RE: If he could only resolve the contradictions within himself, the President’s African legacy might come to fruition in many parts of the world, including Israel/Palestine.” ~ Marc Ellis

MY COMMENT: If that resolution is indeed a prerequisite, then the prognosis for Obama’s African legacy would appear to be quite poor.
It is highly unlikely that Obama can resolve the contradictions within himself while he is encased in the presidential bubble. It is far more likely that his contradictions will be exacerbated.

This brings up an interesting issue:

Christianity and Islam have lessons to learn from Africa. Using Africa as a proselytizing hunting ground where converts can be bought and sold the old fashioned way – by offering the minimum foundations of food, clothing and education – remains endemic.

First, perhaps this is not exactly correct as an explanation for how the “proselytizing” works. In order to receive those benefits is it required of the Africans that they convert? I am very doubtful, but admit I do not know the answer for certain. Couldn’t a person go to a mission center and ask for food and get it without converting, for example? A friend who had been in the Isr. army said that there was a group open to them that performed religious services and had food, and this fact encouraged people to go just for the food. Consequently, I wouldn’t be surprised if the person was required to listen to religious lectures in order to get the benefits, although conversion might not really be a requirement.
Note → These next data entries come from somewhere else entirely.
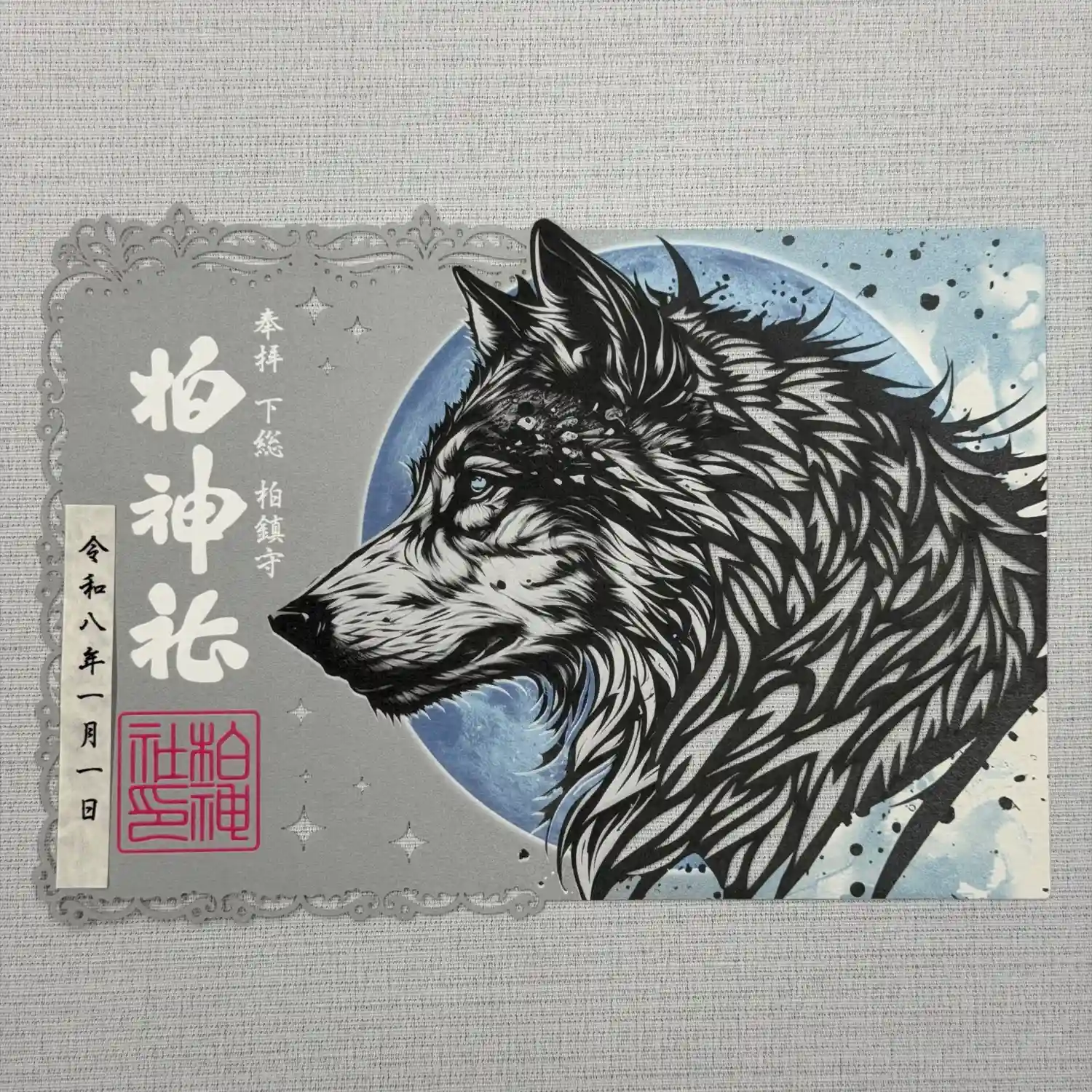 神の使いとされる狼と月をモチーフにした切り絵御朱印です。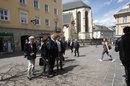 Es ist Mittag, Villach ist das nächte Ziel, genauer gesagt der Interspar in der Ringmauergasse. Auch hier wieder das gleiche Bild wie schon zuvor in Klagenfurt, Leute begrüßen, zuhören, ein paar Worte wechseln, kurze Gespräche, Hände schütteln usw. Nächster Programmpunkt, Besuch der Villacher Fleischerei Hartl mit Überreichung einer Dankeschön-Torte. Weiter geht es in die Widmanngasse, zum Kärntner Heimatwerk in Villach. Hier wird Khol von der Kleinen Zeitung begleitet, Interview inklusive. Im Cafe Rainer und anschließend im GH Bacchus trifft Khol dann auf Sympathisanten, mit denen er teils intensive Gespräche führt. Der letzte Termin in Villach führt zum Taxistand beim Park Hotel, wo Khol frischen Kaffee an Taxifahrer verteilt. Da sämtliche Villacher Termine zu Fuß beschritten wurden, kam es auch am Weg zu eben den einzelnen Terminen immer wieder zu kurzen Begegnungen mit Menschen.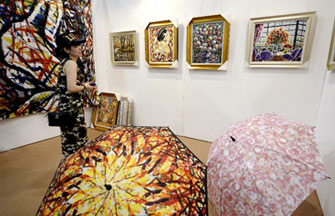 British graffiti artist Banksy's artworks are displayed at Julien's Auctions in Los Angeles, in April. [Photo/Agencies]
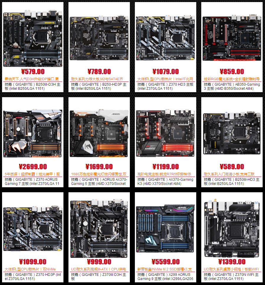 在人气主板区,技嘉准备了12款不同定位的主板以供选择。对于大众玩家而言,Z370 HD3主板是个不错的高性价比之选。这款超耐久系列主板,采用大体积L型CPU散热片、高品质固态电容,做工扎实稳定耐用,Intel千兆网卡、M.2接口等实用接口样样齐全,非常适合组建主流八代酷睿游戏平台。如果你是预算充足的高端硬件发烧友玩家,可以考虑支持Intel最新18核心处理器的X299 AORUS Gaming 9主板;办公以及入门级用户则可以选择B250M-HD3、B250M-D3H等经典4核系列专用主板。值得一提是,技嘉还为喜欢DIY的用户准备一款迷你ITX小型主板Z370N-WIFI,在接口和用料方面规格同样不俗,可用来组建各式高性能迷你小钢炮主机,彰显DIY玩家独特的品味。

On another note, this brings up an interesting issue with the Holy Land. Protestant churches have found a foothold there because they have the money to provide social services that the impoverished ancient native churches do not. I am unaware that the churches require one to convert to get the services, just like i doubt only Quakers may attend the Friends School in Ramallah. but nonetheless, this is an effect.

So I see an upside and downside to the work as you say, but I am doubtful that it is really forced either.